Best Practice says you should Truncate and then drop to avoid accidental falls. This works pretty well with the new feature.
clickhouse1 :) drop table if empty orders; DROP TABLE IF EMPTY orders Query id: 21dc5fb7-7a13-45d2-bb18-777da021de0c 0 rows in set. Elapsed: 0.007 sec. Received exception from server (version 23.9.1): Code: 705. DB::Exception: Received from localhost:9000. DB::Exception: Table orders is not empty. (TABLE_NOT_EMPTY)
3. SHOW FUNCTIONS
show functions command is available. New command to list all the functions available in system.functions table
clickhouse1 :) show functions Format Vertical; SHOW FUNCTIONS FORMAT Vertical Query id: 3a44ce0f-e3c5-4949-b3f5-3b5f01ac4b44 Row 1: ────── name: JSON_VALUE is_aggregate: 0 is_deterministic: 1 case_insensitive: 0 alias_to: create_query: origin: System description: syntax: arguments: returned_value: examples: categories: o/p truncated
4. INFILE Improvement
Performance Improvement while reading files from INFILE , All files get processed parallelly.

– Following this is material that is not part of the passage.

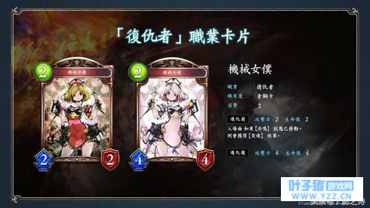 【机械女仆】 2费-复仇者-铜-从者 2/2→4/4 入场曲: 若已共鸣,获得突进。 复仇者的某些卡牌还拥有新类型「神器」,这些牌都非常强力,无法编辑进牌组,而是以衍生物的形式存在。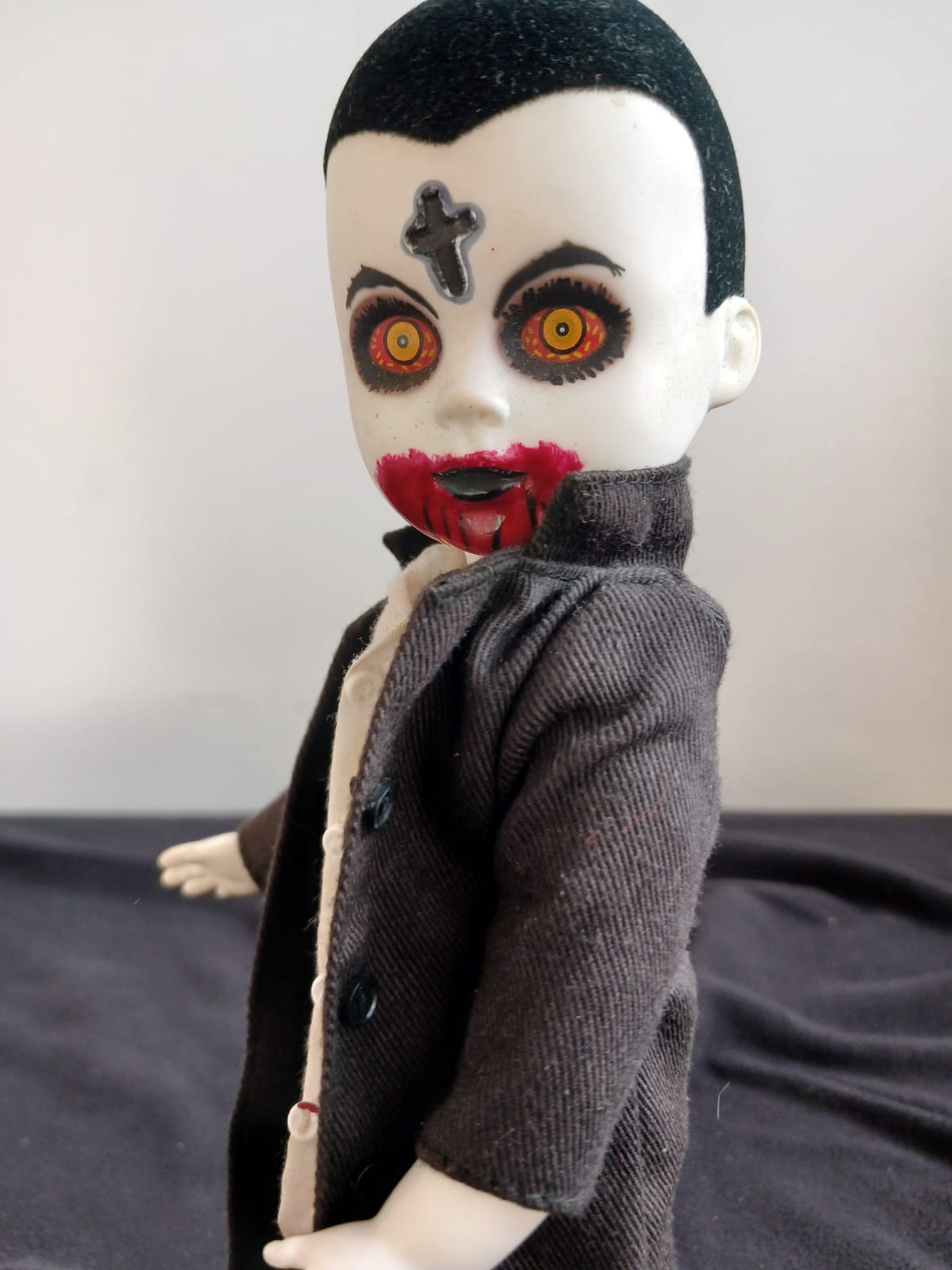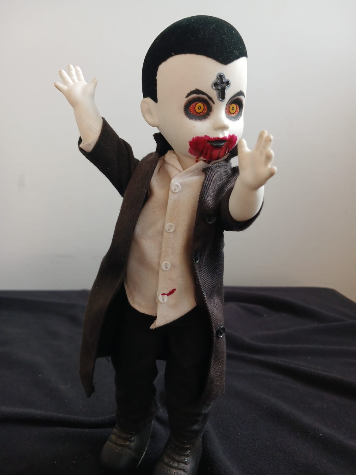 This doll is supplied without accessories and without original coffin packaging, but it remains a striking addition to any Living Dead Dolls or horror toy collection. Mezco Toyz’s Series 19 was themed around vampires, making Haemon a particularly desirable character among fans of dark collectibles.

clickhouse-client --query="INSERT INTO processed_order FROM INFILE 'load_*.csv' FORMAT CSV;"
5. New codec called GCD for compression
Added GCD
a.k.a. “greatest common denominator” as a new data compression codec. The codec computes the GCD of all column values and divides each value by the GCD. The GCD codec is a data preparation codec (similar to Delta and DoubleDelta) and cannot be used stand-alone. It works with data integer, decimal, and date/time type. A viable use case for the GCD codec is column values that change (increase/decrease) in multiples of the GCD, e.g., 24 – 28 – 16 – 24 – 8 – 24 (assuming GCD = 4)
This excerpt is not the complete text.